I have some pine boards that are 7/8" x 11" x 9' long that I would like to resaw in half in order to end up with thinner lumber. I am looking for any advice that anyone might have before I tackle this project, such as would it be better to cut the boards to a shorter length before processing, best blade to use, etc. Want to avoid pitfalls that others might have run up against. Thanks! Chuck


----------



## Sidecar (Jan 12, 2016)

Hmmmm ...anyone have a band mill close to you that you could jig something up to cut those boards (how many ).......going to take a band saw with a bit of muscle and one that will accept a decent width blade.......this will be a good topic.....

Reactions: Thank You! 1


----------



## gman2431 (Jan 12, 2016)

As sidecar said it's gonna take a bandsaw that's capable. What kind of saw you got or plan to use? That will answer alot of your questions.
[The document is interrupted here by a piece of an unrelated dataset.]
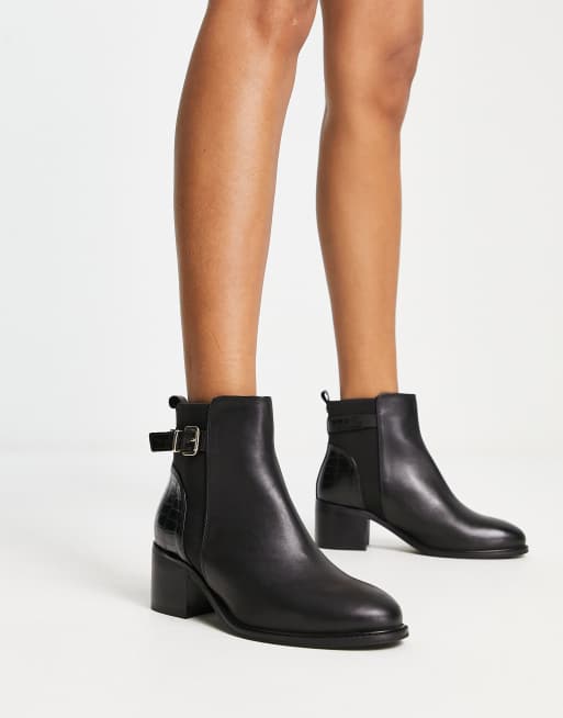 Dune London Poet Black Block Heel Ankle Strap Boots Kaleidoscope Very well made.

Instead of doing the whole thing I would Definetly cut close to your lengths then trim up afterward. Otherwise running a 9 footer would be a two man operation IMO.

I use a big grizzly at work for big stuff that has a 5hp motor, we also have an old do all 10hp that is a monster. I. probably would be hesitant to try that wide of a board on a little saw.
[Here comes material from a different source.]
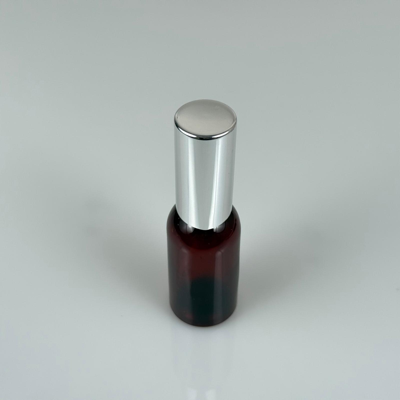 35 ML PET KOLONYA, PARFÜM VB ŞİŞELERİ - METAL ALÜMİNYUM GÜMÜŞ KAPAK + VİDALI SPREY + 35 CC AMBER ŞİŞE SET TAKIM - 1000 adet

Reactions: Agree 2 | Informative 1


----------



## JR Custom Calls (Jan 12, 2016)

My advice would be to make sure your saw is set up properly. If you haven't seen the snodgrass bandsaw tune up video on YouTube, watch it. A 2-3 tpi blade is what you want to use, and IME, wider is better. I prefer 3/4 because they tend to run straighter easier. But everyone has their preference. Definitely cut them down to close to finished dimensions, just makes it easier to handle. My rikon with a 1.5hp motor resaws 12" without issue

Reactions: Agree 6 | Informative 1


----------



## CWS (Jan 12, 2016)

If you have a good table saw run the board on edge through the saw cutting a 2" deep kerf on both edges. That will help guide the bandsaw blade through the board. Agree the bandsaw needs to be tuned with a big blade.

Reactions: Agree 1 | Informative 2


----------



## barry richardson (Jan 12, 2016)

Shouldn't be a problem, pine is a soft wood, cuts easy, I agree with everyones advice so far, I will add; use a fresh blade, and don't rush the cutting, if you push too much on the board, the blade will deflect and drift...
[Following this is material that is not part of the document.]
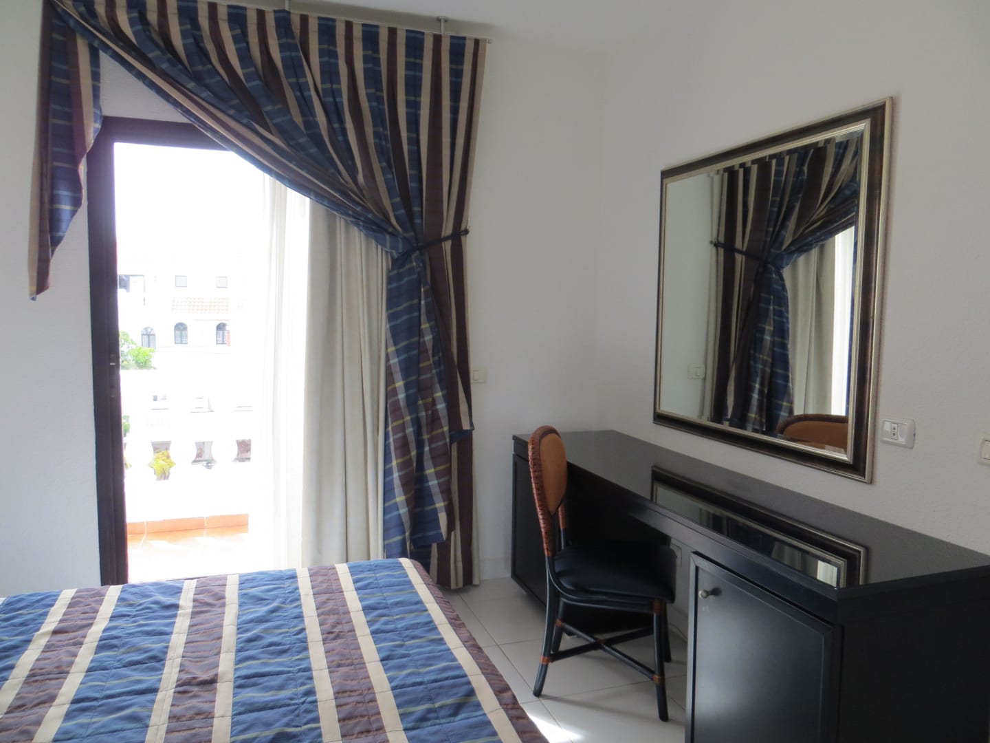 Wohneinheit 624, Schlafzimmer mit Tür zum Balkon.

Reactions: Thank You! 1 | Agree 2


----------



## Nature Man (Jan 12, 2016)

Thanks everyone for the advice. I have a 16" Jet, and I've run it with a 1" blade for other hardwood work. I've just not tackled a more precise job where I want to effectively slice boards in half, so that both slices are usable. Thought that pine would certainly be easier than most hardwoods to process. I have 20+ boards of this dimension to cut. Chuck


----------



## Sidecar (Jan 12, 2016)

What's the kerf on that 1 inch blade....if your dead on center thickness of the two halfs are going to less than 3/8 or .375


----------



## Nature Man (Jan 12, 2016)

Sidecar said:


> What's the kerf on that 1 inch blade....if your dead on center thickness of the two halfs are going to less than 3/8 or .375


Kerf is pretty wide, not sure of the exact measurement. And that is a good point. Might should downsize to a smaller blade. Chuck


----------



## Mike1950 (Jan 12, 2016)

And a 1 inch blade on a 16" wheel is big, at least in the book I read. The wider the blade the less it likes to bend. Also the wider the blade, The closer the saw has to be on set up. A lot a times I have used a 3/8's blade to resaw with my 20" saw and with good results..

Reactions: Thank You! 1 | Agree 2


----------